それでロバート殿の関心が得られたのだから、トニーには本当に感謝せねば。
「いえ、それ程でもありませんよ。たまたまその料理人と縁があっただけで、それ程の苦労はございません。そうだ、もし良ければレシピをお持ち帰りになりませんか?」
「なんと、よろしいのですか?」
フハハ、あんな物で良ければいくらでも持って帰って結構だ。
レシピなんぞ、次から次へと生まれて来るのだから問題はない。
むしろ、率先してレシピを広めて欲しいぐらいだ。
「ええ、王都から遠路遥々ファーゼスト領へやって来たのですから、是非お土産にお持ち帰り下さい」
王都でレシピが広まれば、それだけレシピを作った料理人の価値が上がる。
だが、料理人は既に我がファーゼスト家が囲っており、新しいレシピは誰も手に入れられない。

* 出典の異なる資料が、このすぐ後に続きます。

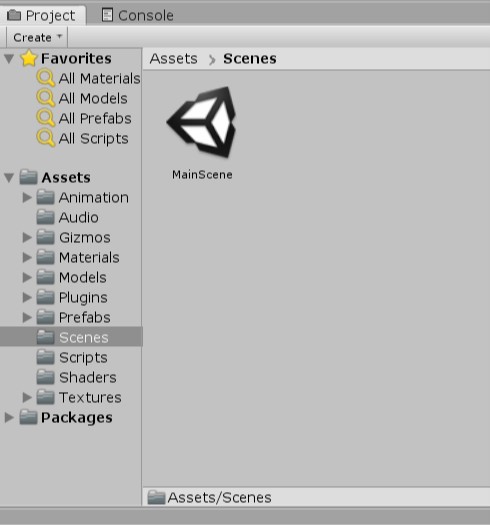 You will see this creates a Scene Asset called MainScene in the Project window.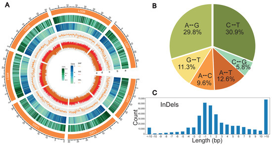 SNPs and InDels screening and in silico simulation. (A) Genome-wide variation distribution. Tracks toward the center: a, CG content (%); b, number of genes; c, number of SNPs; d, number of insertions; e, number of deletions. (B) Proportion of six variant types of SNPs in the whole population. (C) Distribution of InDel lengths.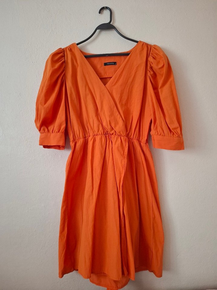 Turuncu renkte, V yaka ve bol kesimli midi elbise. Keten kumaştan ve tok dokusu ile bohem tarzını yansıtır. Kolları balon koldur. Şık davet ve etkinlikler içindir. Günlük de kullanılabilir. Yeni hiç kullanmadığım elbisedir. hiçbir kusuru yoktur. Temiz ve hijyeniktir.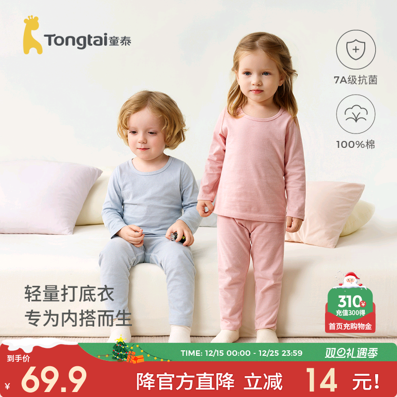 童泰儿童秋衣套装春秋季纯棉打底衣服男童家居服女童睡衣大童秋裤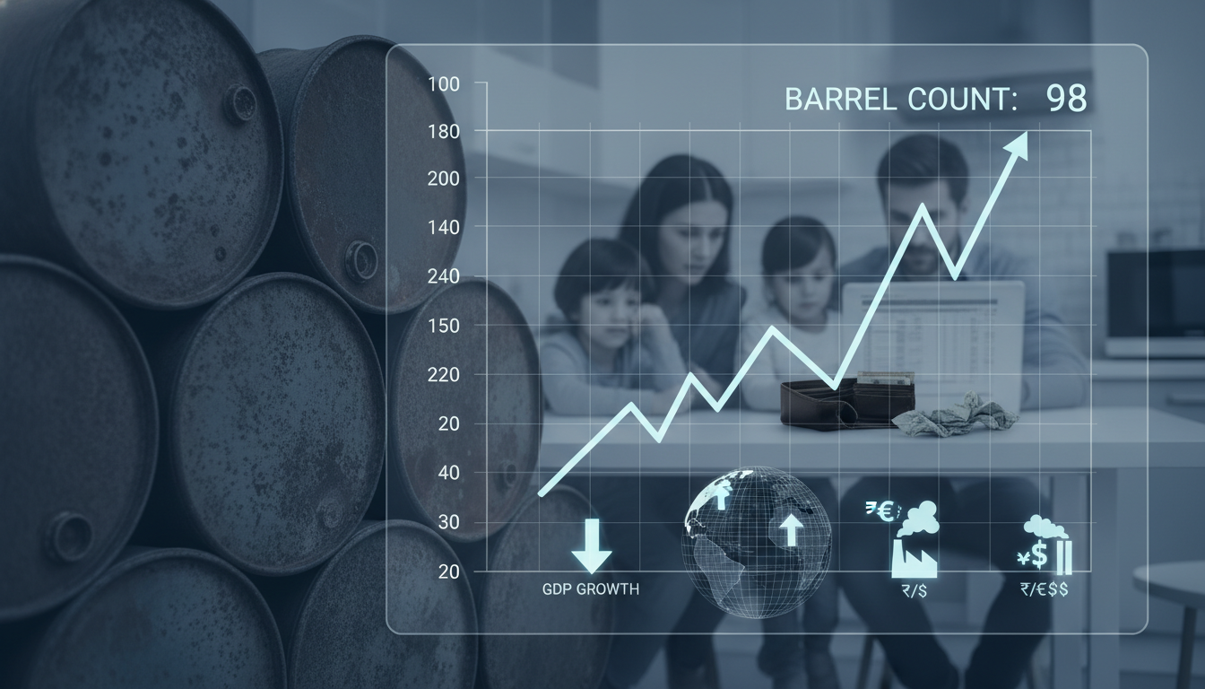 WTI 유가가 100달러에 근접하며 상승하는 모습과 서민 경제에 미칠 부담을 상징하는 이미지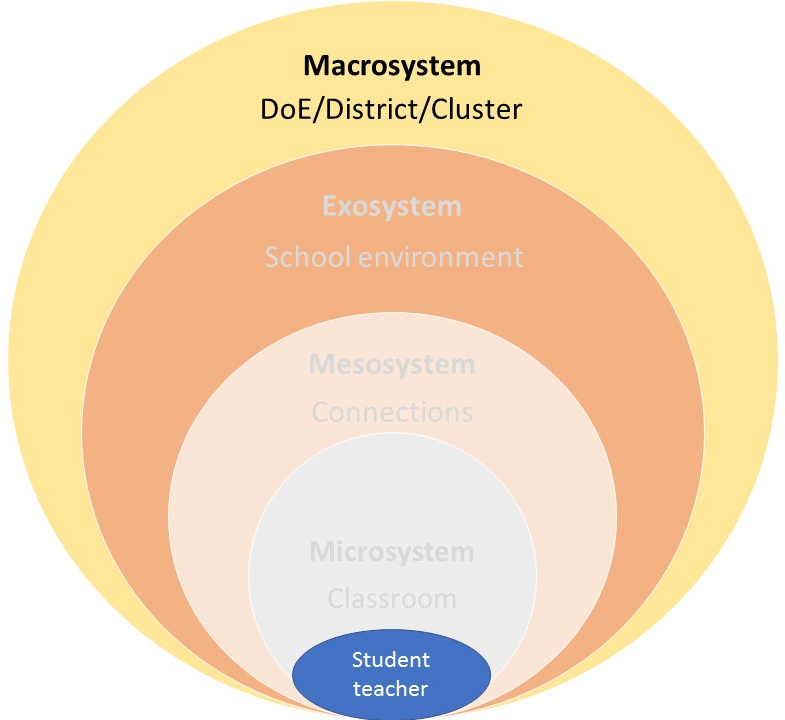 The South African public school system is used as the main context here. We may assume that student teachers know the stucture and connecions of the education environment, but this is not always the case.

クククッ、そうなれば新しいレシピには一体いくらの値段が付くだろうか。
「ははは、ルドルフ殿にかかれば、料理のレシピもお土産扱いですか。流石、王国の麒麟児は言う事が違う。ルドルフ殿、それではありがたく頂きます。」
「ふふふ、喜んで頂けたようで何よりです」
ロバート殿は、まだこちらの思惑には気が付いていない様子。
貴族家の当主になって、まだ日が浅いと聞くので、こう言った腹芸は勉強中と言った所だろうか。
トヨトミの姓を名乗るのだから、もっと勉強を積んで、宰相のジョシュア閣下の力になれるように、是非頑張って欲しい物だ。
「ルドルフ殿、この度は急な来訪にも関わらず、このような歓待を頂き、誠に感謝致します」
「なんの、シュピーゲル家の次期当主と、紳士倶楽部のオーナーの紹介を受けていらっしゃるのですから、私としても、正式な客人を迎えるのは当然の事です。お気になさらず」
そう言って、私はロバート殿に受け答えた。
さて、ロバート=オオクラ=トヨトミ伯爵が、何故ファーゼスト領にやって来たのかと言うと、それは彼があるものを探し求めているからだ。
それは、我がファーゼスト領の商品。
クククッ、それもわざわざシュピーゲル家を通して、あの『紳士倶楽部』に依頼して求めているのだ。
ロバート殿は顔に似合わず、中々いい趣味をしていらっしゃる。
事前にどういった商品を求めているのか、知らされていなければ、まず期待に応える事は出来なかっただろう。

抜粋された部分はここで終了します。